De Arte Venandi cum Avibus (lit. 'On The Art of Hunting with Birds') is a Latin treatise on ornithology and falconry written in the 1240s by the Holy Roman Emperor Frederick II. One of the surviving manuscripts is dedicated to his son Manfred. Manuscripts of De arte venandi cum avibus exist in a two-book version (Manuscripts at Rome, Vienna, Paris (2x), Geneva and Stuttgart) and in a six-book version (Manuscripts at Bologna, Paris, Nantes, Valencia, Rennes, and Oxford).

== Versions ==
The work is divided into six books:
- Book I: The general habits and structure of birds
- Book II: Birds of prey, their capture and training
- Book III: The different kinds of lures and their use
- Book IV: Hunting cranes with the gyrfalcon
- Book V: Hunting herons with the saker falcon
- Book VI: Hunting water-birds with smaller falcons

===Manuscripts containing six books===
Surviving manuscripts fall into two groups: those that include all six books and those that include only the first two.
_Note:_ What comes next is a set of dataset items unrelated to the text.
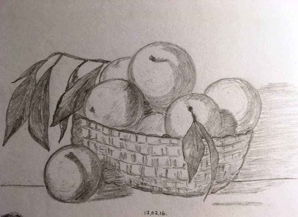 Хотя начинала я рисовать именно с простого карандаша. Вот очень старая работа с персиками. Прошло 10 лет с тех пор:
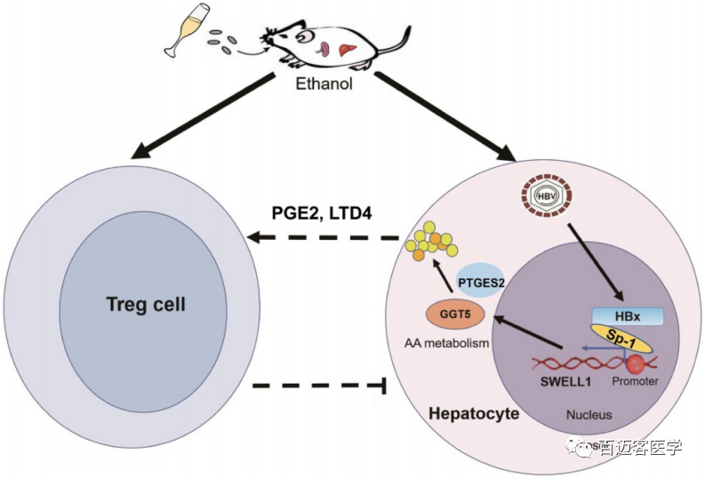 案例五:慢性酒精攝入和HBV通過HBx-SWELL1- 花生四烯酸信號(hào)傳導(dǎo)誘導(dǎo)脂質(zhì)代謝異常并激活HBV-Tg小鼠Treg細(xì)胞
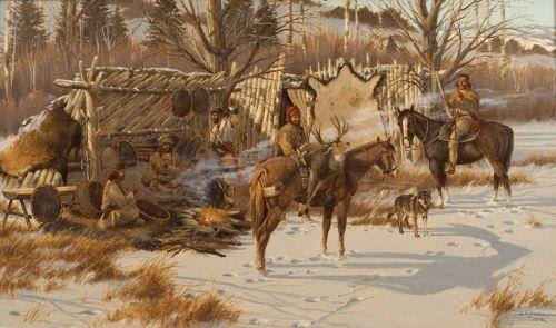 Robert F. Morgan (b. 1929). NWR. 24" x 40". Oil on Canvas. "Camp Meat". Signed LR. (est $6,000-9,000)
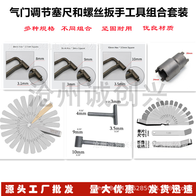 16 штук щупов для измерения зазоров (0,127–0,508 мм); 16 штук щупов для измерения зазоров на локтях (0,05–1,00 мм); 15 штук щупов для измерения зазоров (0,2–4,2 мм); 32 листа латуни (0,04–0,88 мм); 32 штуки без латунного листа (0,02–1,0 мм); 16 штук локтей и 32 штуки комбинации (0,05–1,0 мм); 16-секционный изгиб и 32-секционный комбинированный набор (0,127–0,508 мм); Комбинация из 32 предметов и L-образный гаечный ключ; Комбинация гаечных ключей Т-типа на 16 и 32 предмета.
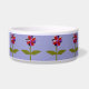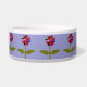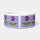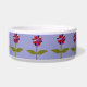 Ce magnifique bol d'animal de compagnie présente l'image numérique d'une marguerite avec une tige verte avec deux feuilles verts et des pétales violets, rouges et noirs avec un centre violet. Les pétales semblent être faits de plastique brillant qui a attrapé la lumière et a causé un effet irisé. L'arrière - plan est d'un bleu apaisant.
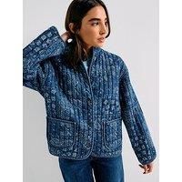 Levi's Lottie Liner Jacket - Emme Patchwork Bandana Dark Indigo Size & Fit True to size - order your usual size Regular fit Regular length Available in sizes XS - L Model is 5'9" and wears a UK size 8 Details Lottie Liner Jacket - Emme Patchwork Bandana Dark Indigo by Levi's Blue Quilted fabric with floral paisley print Standup collar Popper front fastening Front patch pockets Long sleeves Material & Care Material Content: 100% COTTON Washing Instructions: Machine Washable
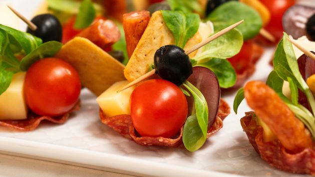 - My tym razem postawiliśmy na kombinację: camemberta, żółtego sera, korniszonów, kabanosów, winogrona, krakersów pomidorków koktajlowych i roszponki. Każdy znajdzie tu coś dla siebie.
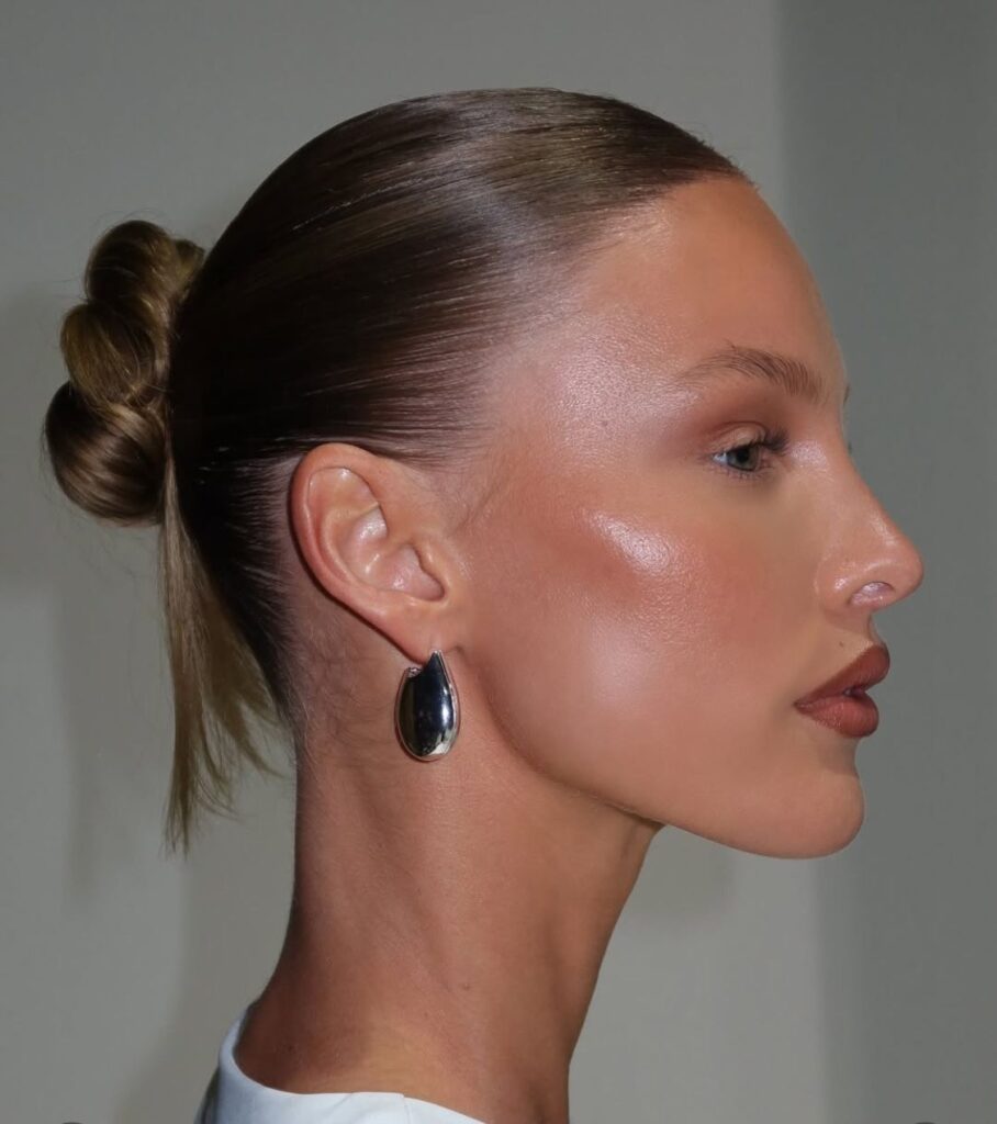 Aquí no hay lugar para el mate extremo ni para el brillo artificial. La piel debe verse flexible, viva y real. El rubor en tonos durazno o terracota suave se convierte en protagonista, aplicado de forma difuminada para imitar el rubor natural que aparece después del sol.
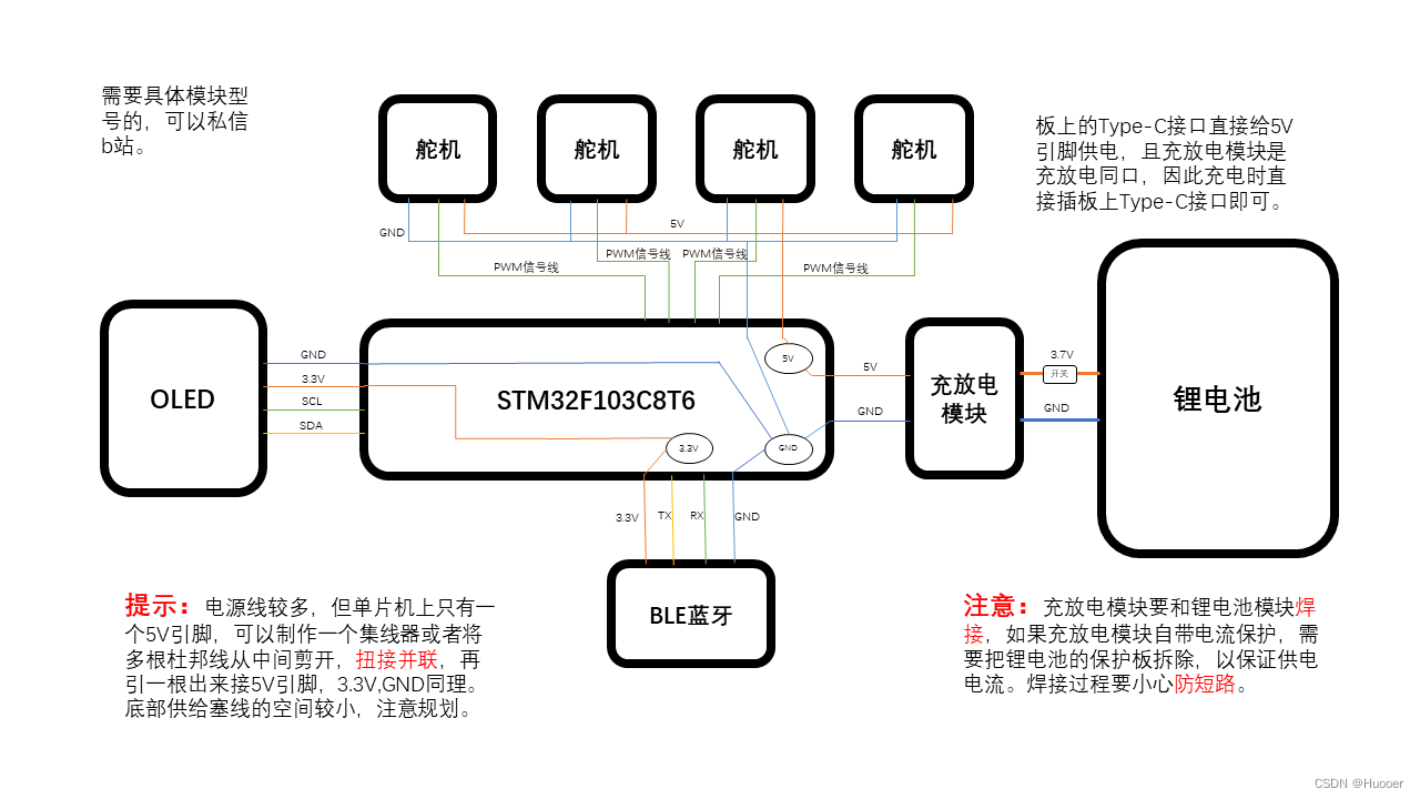 供电:锂电池 (3.7V 30mm*40mm 800mah,建议购买尺寸合适的飞控专用锂电池或两块普通锂电池并联,输出功率大,不需要后续拆保护板) + 锂电池充放电模块(不会自动断电、适配3.7V锂电池、输出5V、充放电同口)
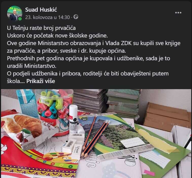 1. Udžbenike za prvi razred za sve đake u Tešnju i cijelom kantonu nabavilo je Ministarstvo obrazovanja, ne Općina Tešanj. Općina Tešanj je pet godina do sada kupovala udžbenike i oni su redovno korišteni, a ove godine Općina Tešanj je kupila pribor, sveske... To smo više puta javno ponovili. Vrijednost udžbenika za Tešanj, prema mojim informacijama, je oko 50.000 KM.
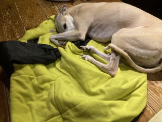 学校から帰るなり床に脱ぎ捨てたベンチコートを サン君はすかさず毛布代わりにドシンと座り込みます
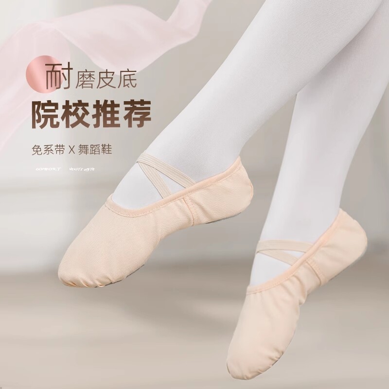 舞蹈鞋儿童女中国舞成人芭蕾舞专用跳舞鞋肉色软底免系带练功古典
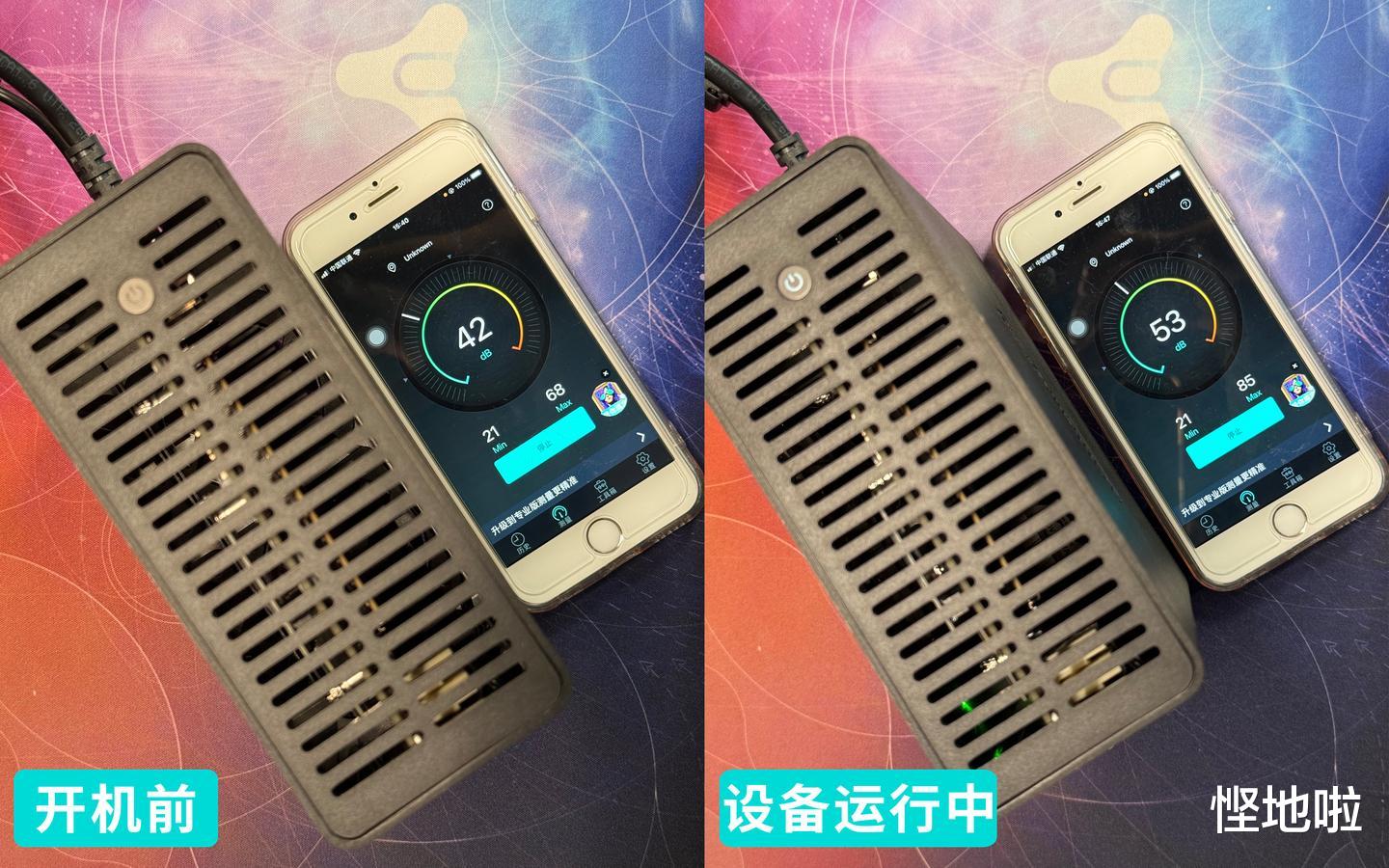可能不少用过NAS的用户对机械硬盘发出的炒豆子噪声都是深恶痛绝的,尤其是放在办公室或者书房时,“炒豆子”的声音不绝于耳,而F4 SSD因为采用M.2 NVMe SSD作为存储介质,因此就算在满负荷状态运行依然能保持静音状态,完全不会影响用户工作。PO主实测开机前室内噪声约42dB,开启设备运行,工作噪声显示约53dB,才提升了约11dB,几乎没有明显噪声。
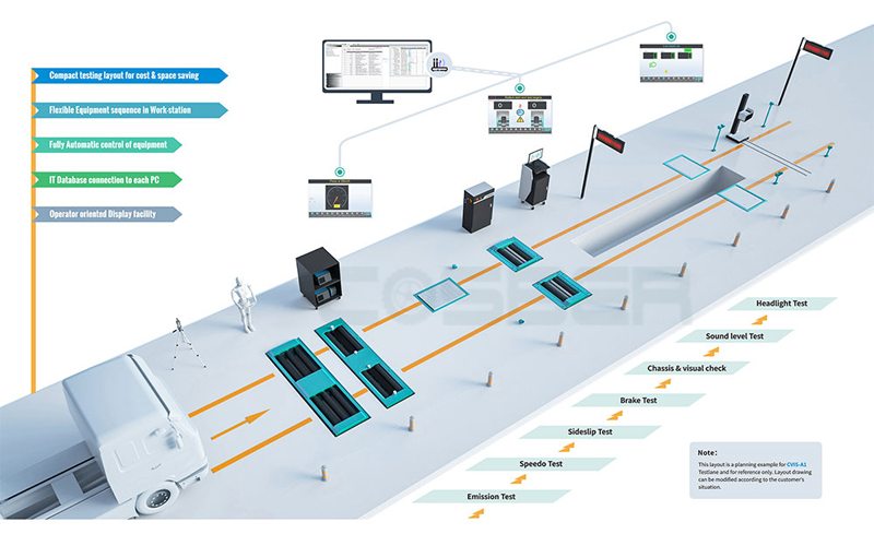 Komunikasi digital antara komputer dan peralatan yang saling terhubung memastikan keakuratan data inspeksi. Sistem ini dapat dioperasikan di bawah Vehicle Safety Technical Test dan All-purpose Test. Berkat logika program tingkat lanjut dan integrasi teknologi TI, efisiensi pengujian dapat ditingkatkan secara luar biasa dan pada saat yang sama pemantauan operasi inspeksi secara real-time dapat diimplementasikan dengan sempurna.
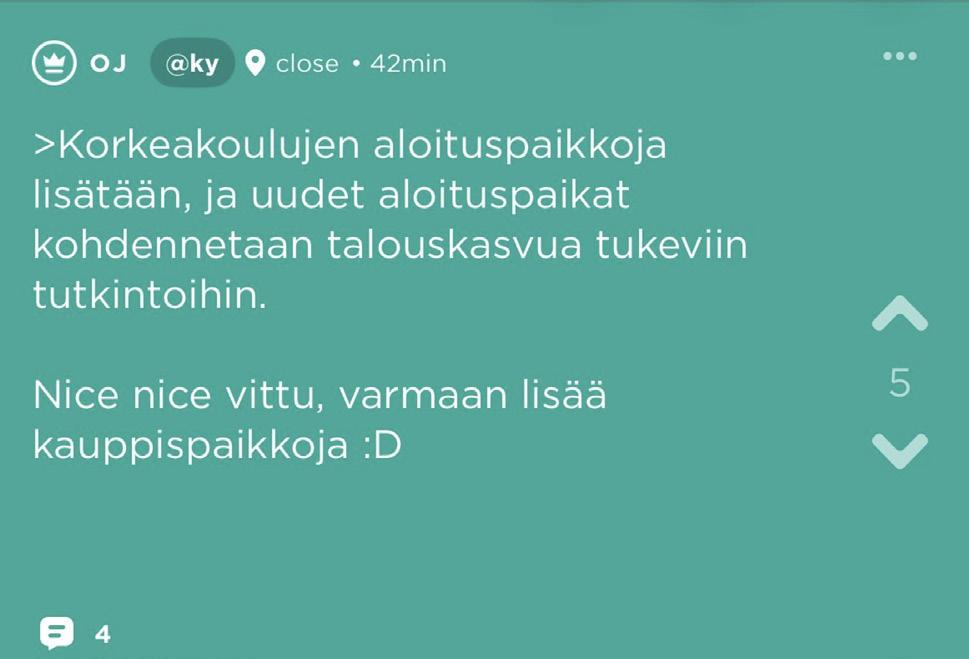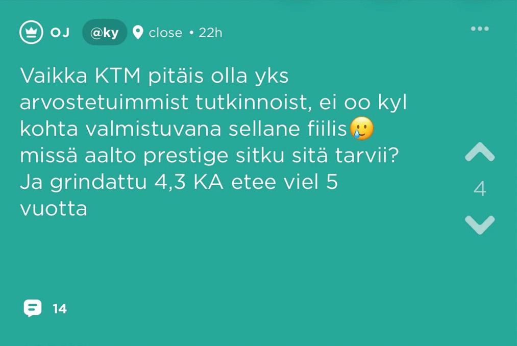 Mutta koska olen taitavasti brändännyt itseni kaikkitietävänä tahona, mitä tulee TuKYyn, tiedän tietenkin myös kuka edeltäjäni oli. Kunnia sille, jolle kunnia kuuluu. Rakas tutorparini Alex Toiviainen, historiallisen sinappikirjeenkin kirjoittaja, oli KYlisteen numeron 4/22 Pakinainen. Itse hyppäsin ohjaksiin vasta vuoden 2024 ensimmäisessä numerossa, Anna Immon ja Minttu Wilskan kuumeisten pohdintojen tuloksena. Tällä rahalla sai nyt tällaista. Olen kuitenkin myös tunnettu perinteiden vaalijana, joten seuraava Pakinainen on tuttuun tapaan minun valitsemani.
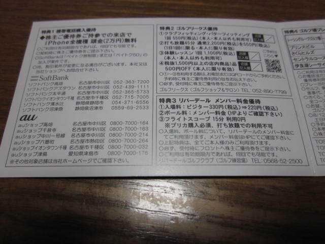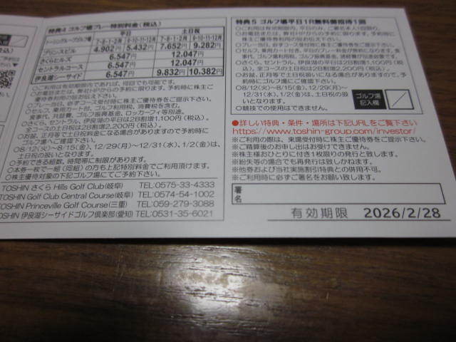 ★トーシン株主優待券2枚 携帯割引/ゴルフ場平日1R無料招待1回

All of the manuscripts containing the six books derive from a 13th-century codex now in the library of the University of Bologna. (Note: Biblioteca Universitaria di Bologna MS. Lat. 419 (717)) It is possible that this was one of the manuscripts produced during Frederick's lifetime. The 144 parchment folios measure 20 × 27 cm. The text is split in two columns each containing 47 lines. The two prologues and each of the six books begin with a miniature initial. On the first page there is a dedication to "M. E." Several names have been proposed for the identity of M. E. including Malik El-Kamil (Al-Kamil), a Sultan of Egypt who died in 1238 and "magister Encius", a master falconer of Frederick's court.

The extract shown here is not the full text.